High-spending visitors are lifting totals—but concentration brings new risks
UHERO’s forecast outlines a distinct pattern in the tourism economy: overall visitor arrivals were off 1. 3% last year, and visitor spending fell on Kauai and Hawaii island. Yet daily visitor spending rose on Oahu by 2. 5%, while Maui saw a 9% increase. UHERO’s Steven Bond-Smith said the increase in real spending statewide of roughly 3% was dominated by Maui and by higher-spending visitors.
That detail reshapes how to read the tourism story. The issue is not simply whether tourism is “up” or “down, ” but what kind of tourism is doing the work and how stable that mix might be. Bond-Smith described the spending rise as driven by “high-end visitors” staying in luxury and upscale properties, adding that UHERO does not expect the increase in spending per person per day to continue long term.

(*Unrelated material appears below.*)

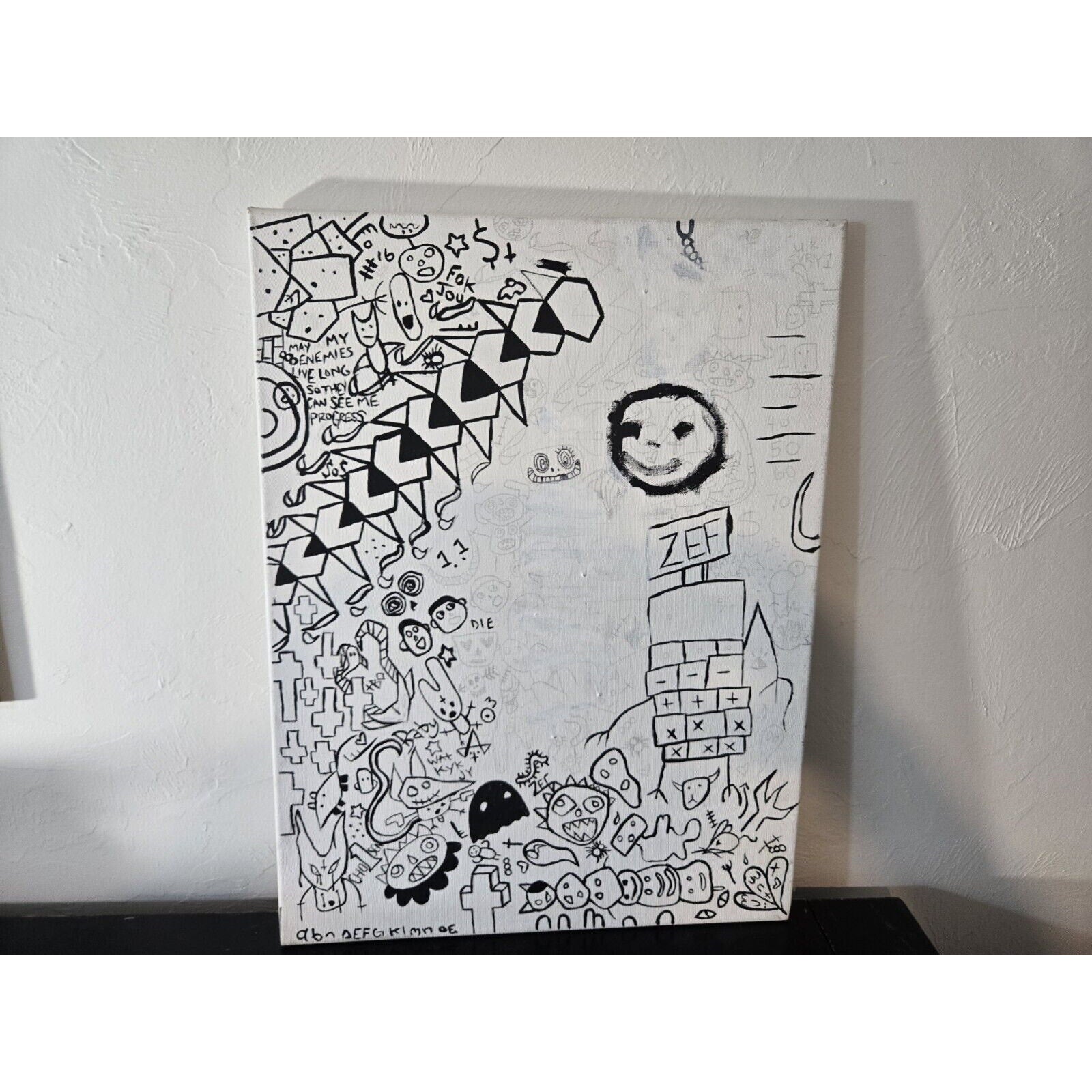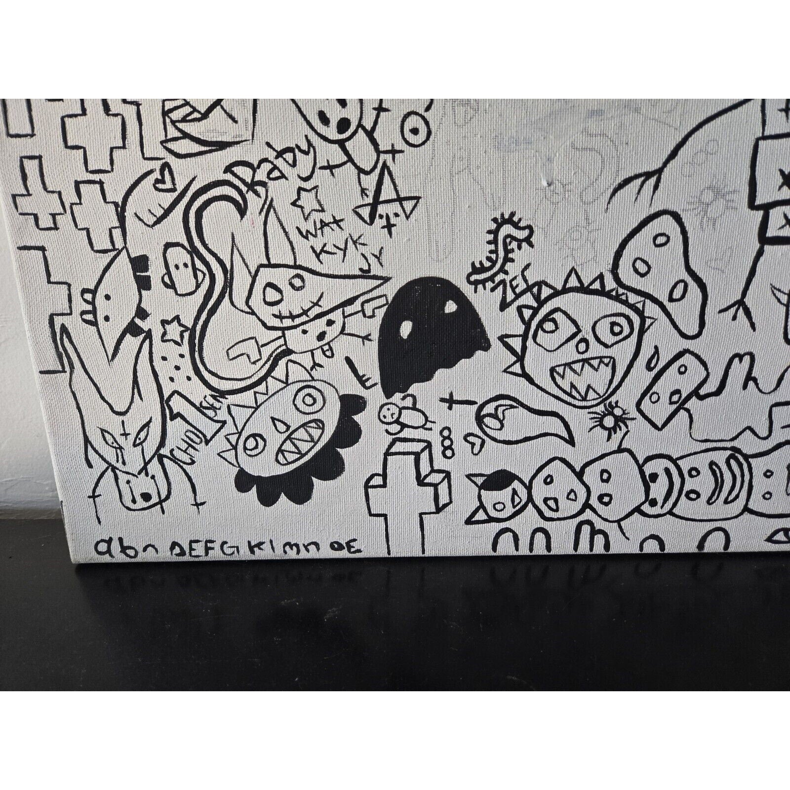 Oil Painting Crown Doodle Art Signed Graffiti 18 X 24"

UHERO Executive Director Carl Bonham sharpened the risk: relying on the top 20% of income earners to drive tourism can be fragile, particularly if the conditions supporting that spending weaken. UHERO’s forecast describes “an unusually large share of spending by the highest income folks, supported by stock market gains, ” which has buoyed spending even as weak labor markets, moderate income growth, and high prices have held back lower-income households.
The forecast also highlights that arrivals from Japan remain about half of pre-COVID-19 levels and Canadian tourism is down 10%, underscoring that Hawaii’s visitor mix remains uneven. These are not just tourism metrics; they are signals about whether the state is becoming more dependent on a narrower band of affluent travelers—an economic concentration that can complicate any attempt to translate tourism receipts into broader household prosperity.
Policy pressures: trade uncertainty and the limits of a tourism-led rebound
Beyond visitor dynamics, UHERO flags economic uncertainty tied to tariffs after the U. S. Supreme Court overturned President Donald Trump’s global tariffs last week, followed by questions about what policy might come next. In UHERO’s forecast narrative, late 2024 and early 2025 saw imports surge as businesses sought to avoid looming levies, then fall later in 2025 as tariff effects began to “bite. ” UHERO adds that at least 90% of tariff costs are being borne by the U. S., either by importers or consumers, with uncertainty about whether additional price impacts—such as those on metals—have fully flowed through.
For Hawaii, this matters not because tariffs are a local story, but because they amplify the volatility facing sectors that UHERO identifies as drivers: construction, health care, and visitor accommodations and food service. If cost pressures rise or consumer behavior shifts, a visitor economy increasingly reliant on high-end spending may not provide enough ballast for residents already facing a long-term affordability gap driven by weak wage and productivity growth.
What to watch next
UHERO’s structural argument leaves policymakers and households with a difficult question: can Hawaii convert a Maui-led tourism spending resurgence into durable, broad-based gains, or will the state’s plateaued tourism model and limited diversification keep widening the gap the report describes? With UHERO warning that treating cost-of-living alone is only temporary relief, the bigger test is whether economic strategy can move beyond short-cycle visitor strength and address the productivity and wage-growth deficits that define the “lost generation” risk.